═════ Extracted information

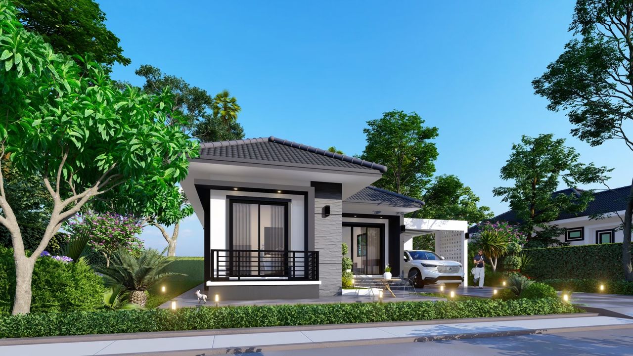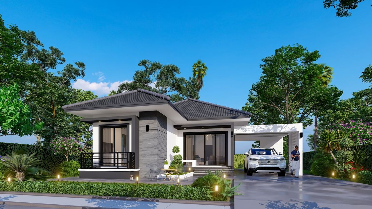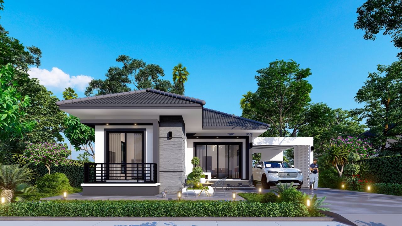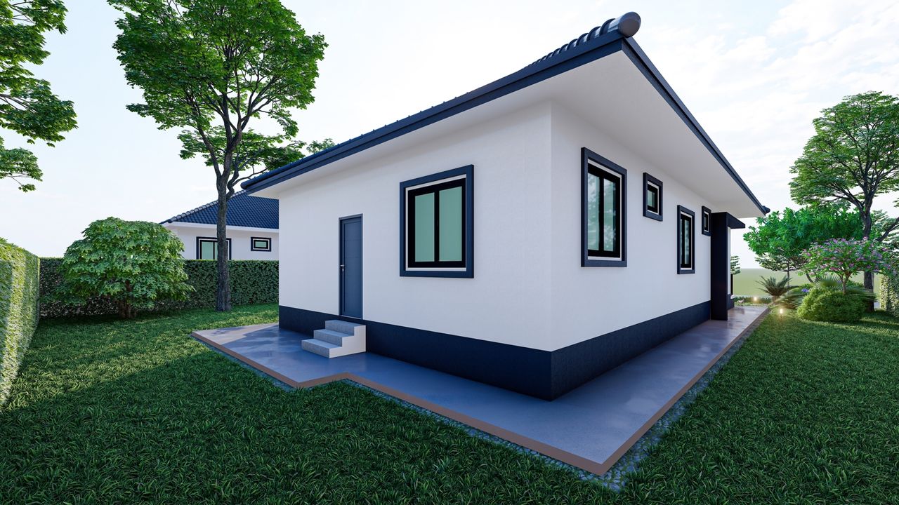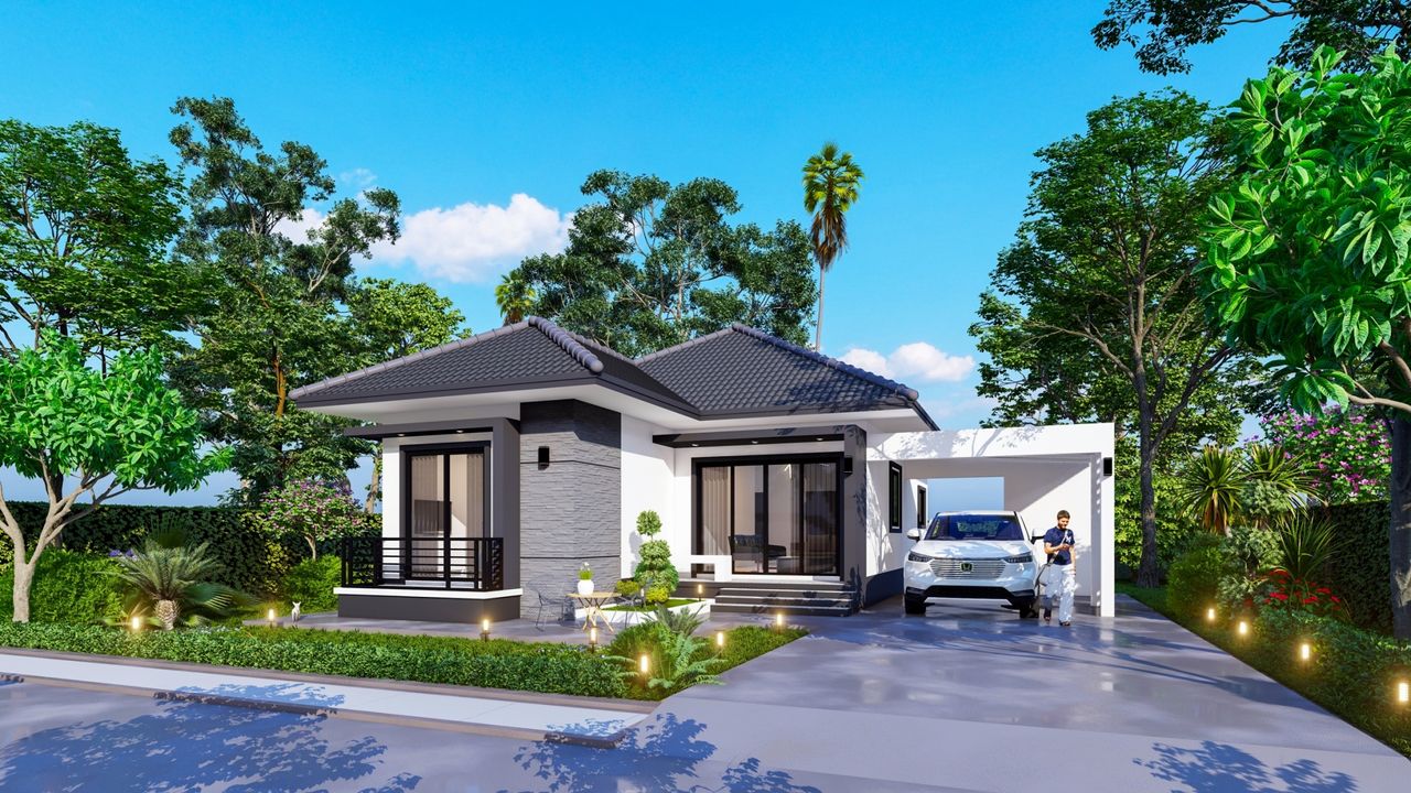 บ้านทรงปั้นหยา การตกแต่งคุมโทนด้วยสีเทา ขาว ดำ มีระเบื้องห้องสำหรับลูกค้าที่ชอบช่องแสงแบบจัดเต็ม
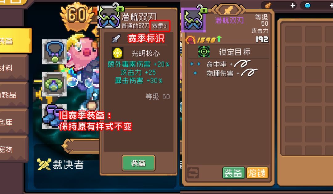 当查看装备时,装备会出现赛季标识或赛季序号。旧赛季获得的装备会保持原有样式不变。
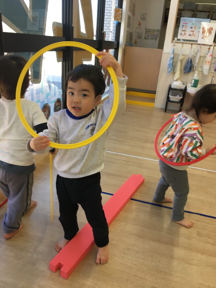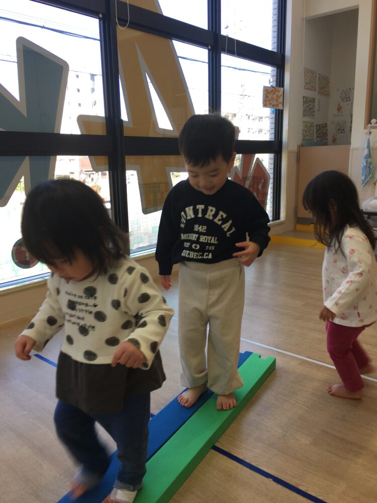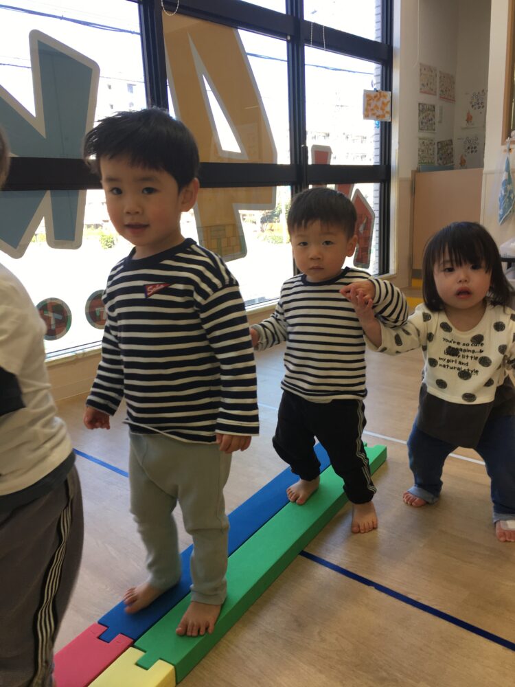 ばなな組さんといちご組さんは、運動遊びをしました。
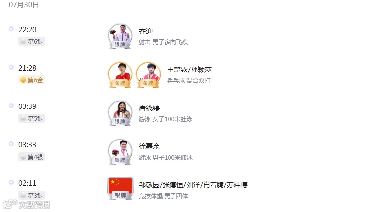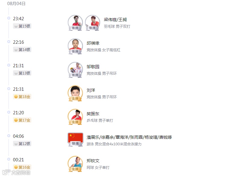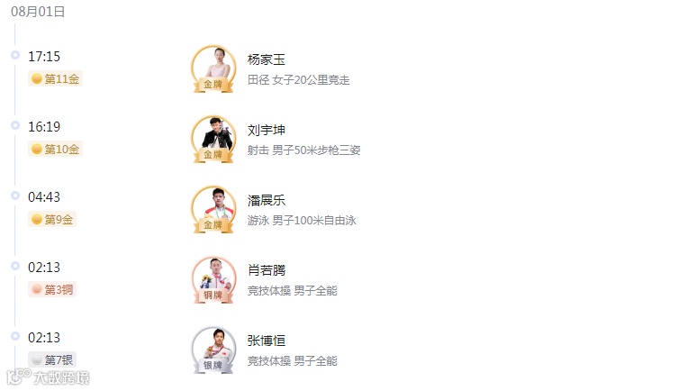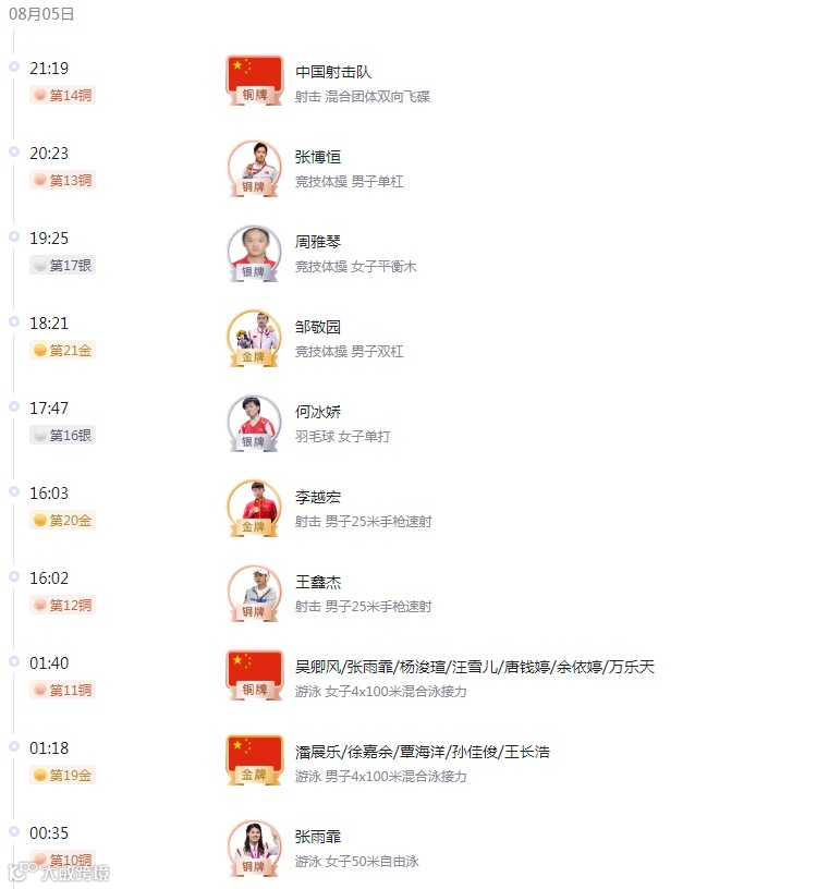 截止8月5日,中国奖牌榜:
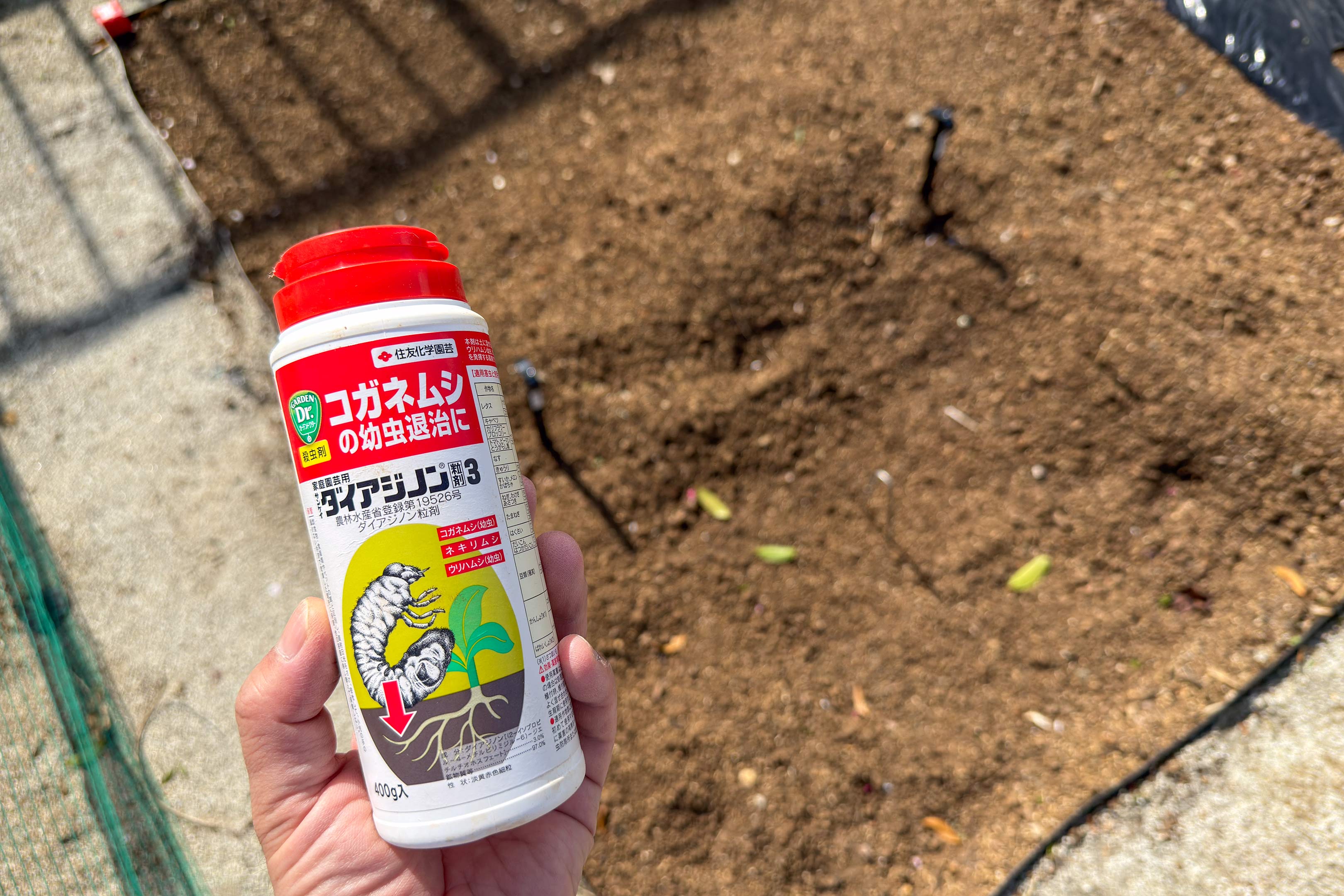 今回はナス・シシトウエリアだけにこれを撒きましたが、出来れば他の畝にも念のため撒いておけばよかったかもしれません。ダイアジノンはコガネムシの幼虫だけでなくネキリムシやヨトウムシにも効果があるらしいので、ジャガイモの新芽などを守る意味でも撒いて損はないと思います。
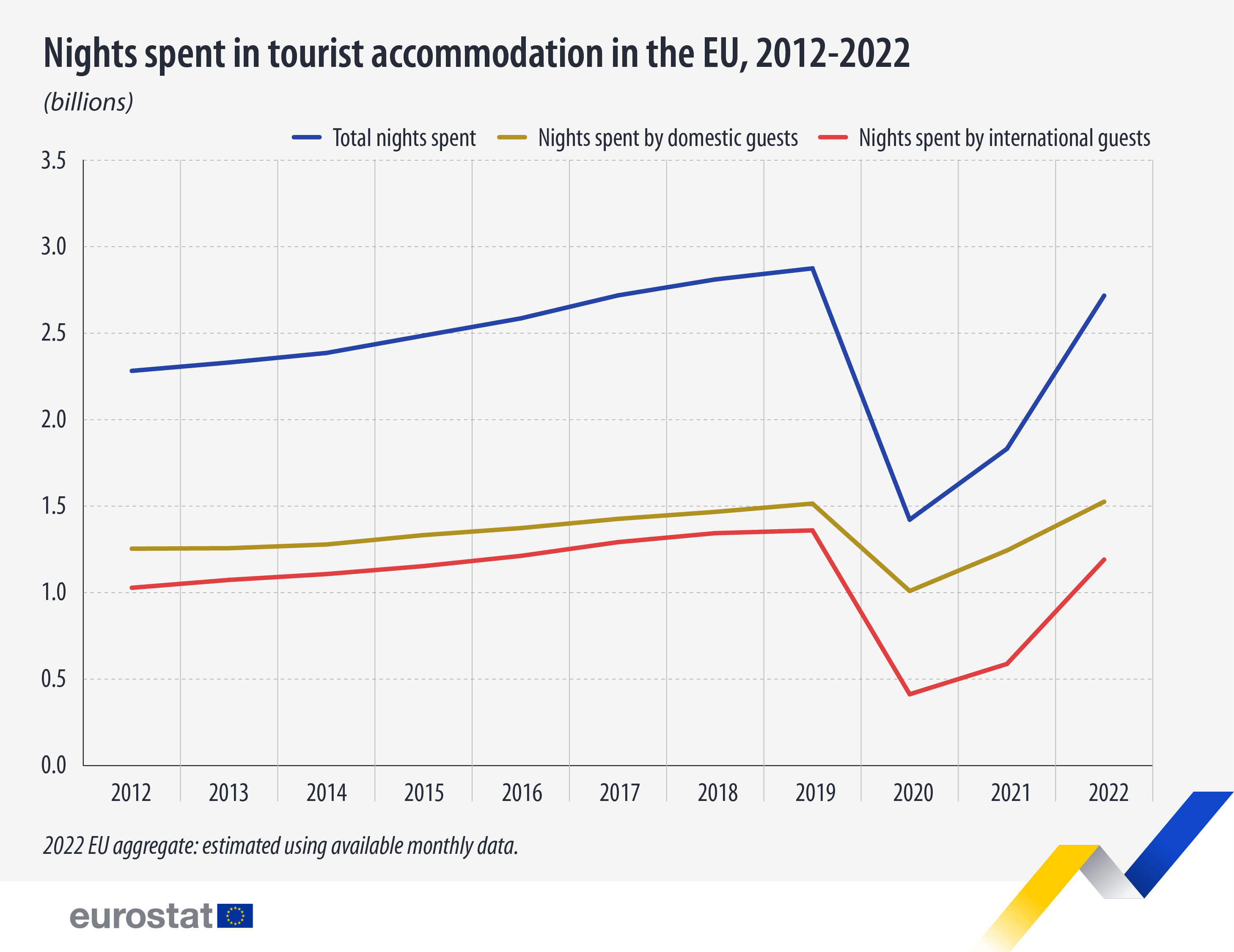 Čini se da se turistička industrija EU-a snažno oporavlja od pandemije COVID-19. Ukupan broj noćenja u turističkom smještaju u 2022. bio je blizu razine prije pandemije (2,72 milijarde noćenja u 2022. u usporedbi s 2,88 milijardi u 2019.; -5,6%). To predstavlja znatna povećanja u usporedbi s brojem noćenja 2020. i 2021. (1,42 milijarde 2020., 1,83 milijarde 2021.; +91,1% odnosno +48,3% 2022.).

══════════

Please return only the lines from the top of the data through the line with "今回はナス・シシトウエリアだ", exactly as written, and drop every picture.

 บ้านทรงปั้นหยา การตกแต่งคุมโทนด้วยสีเทา ขาว ดำ มีระเบื้องห้องสำหรับลูกค้าที่ชอบช่องแสงแบบจัดเต็ม
 当查看装备时,装备会出现赛季标识或赛季序号。旧赛季获得的装备会保持原有样式不变。
 ばなな組さんといちご組さんは、運動遊びをしました。
 截止8月5日,中国奖牌榜:
 今回はナス・シシトウエリアだけにこれを撒きましたが、出来れば他の畝にも念のため撒いておけばよかったかもしれません。ダイアジノンはコガネムシの幼虫だけでなくネキリムシやヨトウムシにも効果があるらしいので、ジャガイモの新芽などを守る意味でも撒いて損はないと思います。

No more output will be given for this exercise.